The New Yorker:
By Kelefa Sanneh
September 30, 2001
Everyone knows Quincy Jones’s name, even if no one is quite sure what he does. Jones got his start in the late nineteen-forties as a trumpeter, but he soon mastered the art of arranging jazz—turning tunes and melodies into written music for jazz ensembles. He also mastered the art of turning great musicians into close friends, and, in time, the art of turning close friends into great musicians. “Q: The Autobiography of Quincy Jones” (Doubleday; $26) is, like the life of the man himself, an appealingly convivial blur of deal-making, celebrity anecdotes, and professional comebacks.
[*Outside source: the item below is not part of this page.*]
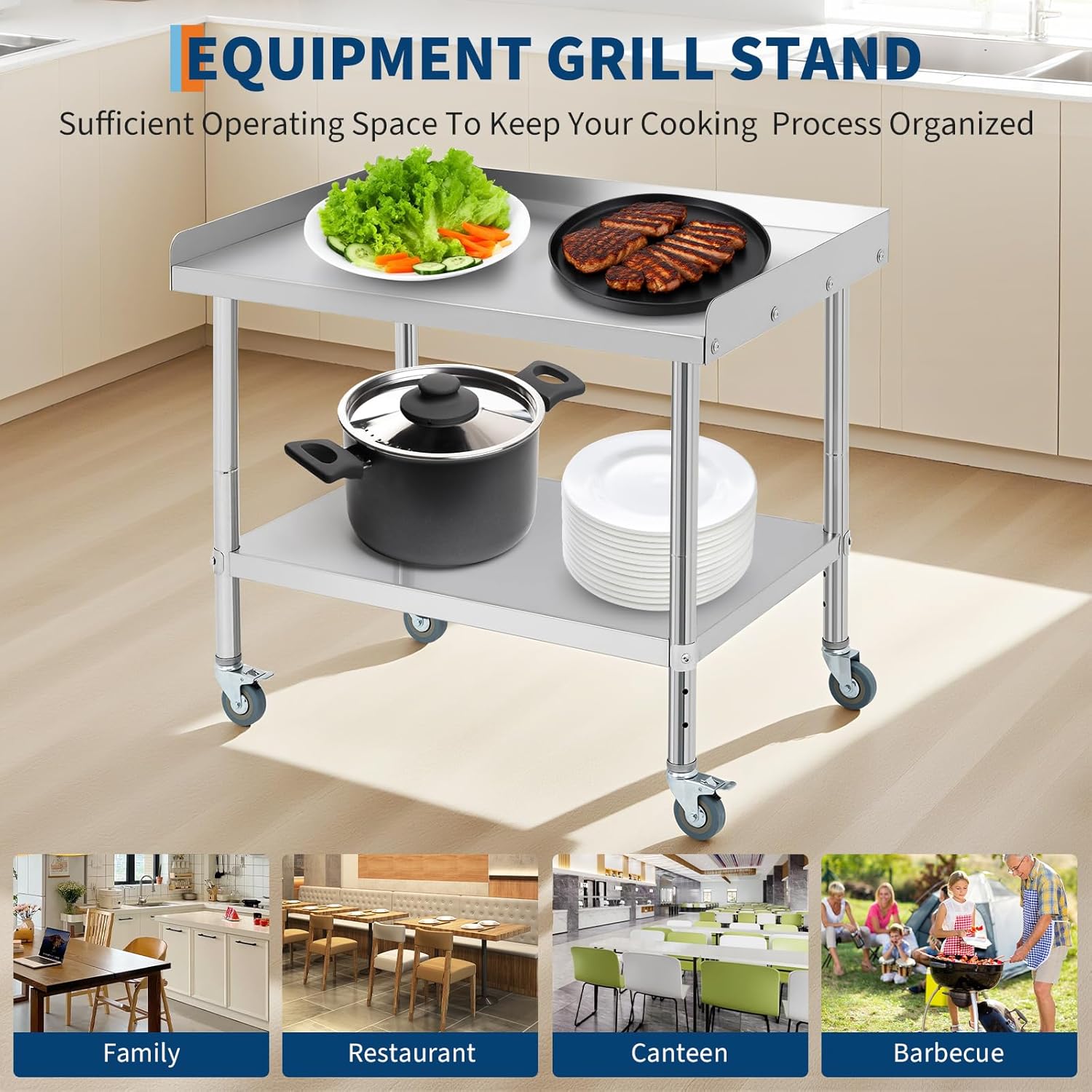 36x24x30 Inch Stainless Steel Equipment Grill Stand Table NSF Certified with 5″ Wheels, 400 Lbs Capacity, 2″ Edge Baffle, for Hotel, Home, Commercial Restaurant Kitchen

Jones’s talent for musical and social arrangement placed him at the center of an extraordinary number of cultural moments from the nineteen-sixties on: he launched Michael Jackson’s solo career and persuaded Miles Davis to give his last major performance, organized concerts for Duke Ellington and Bill Clinton, produced “The Color Purple,” and founded the hip-hop magazine Vibe. He has been a musician, a record executive, and a Hollywood mogul, and every few years he has brought together famous musician friends to make the kind of slick, funky pop music that taught a generation of listeners to dislike jazz. This hasn’t done much for Jones’s critical reputation, and he’s barely mentioned in standard histories of jazz. But it has done wonders for his mantelpiece: he has twenty-six Grammy awards, and Time recently named him an “Influential Jazz Artist of the Century.” If Quincy Jones is not the world’s most celebrated living jazz musician, he’s certainly the most ubiquitous.
Quincy Delight Jones, Jr., was born in Chicago in 1933. Sarah, his mother, was a schizophrenic, and was institutionalized for a time when Quincy was eight. He and his younger brother, Lloyd, were shuttled to Louisville to stay with their grandmother, a former slave whose culinary specialty involved a rat and a skillet. In 1943, the boys moved back to Chicago to live with their father, Quincy, Sr., who did woodwork for the local organized-crime family—“Gangsters need carpenters too,” he explained. The Joneses lived in a South Side neighborhood known as the Bucket of Blood, and Quincy fondly remembers a childhood of knife fights and petty theft. Sarah never again lived with the Jones family, but she followed them around the country, surfacing every few years, like an obsessed fan. At one point, she decided to put an end to her son’s “devil’s music,” and called the I.R.S. to inform the agency that Quincy hadn’t been paying taxes.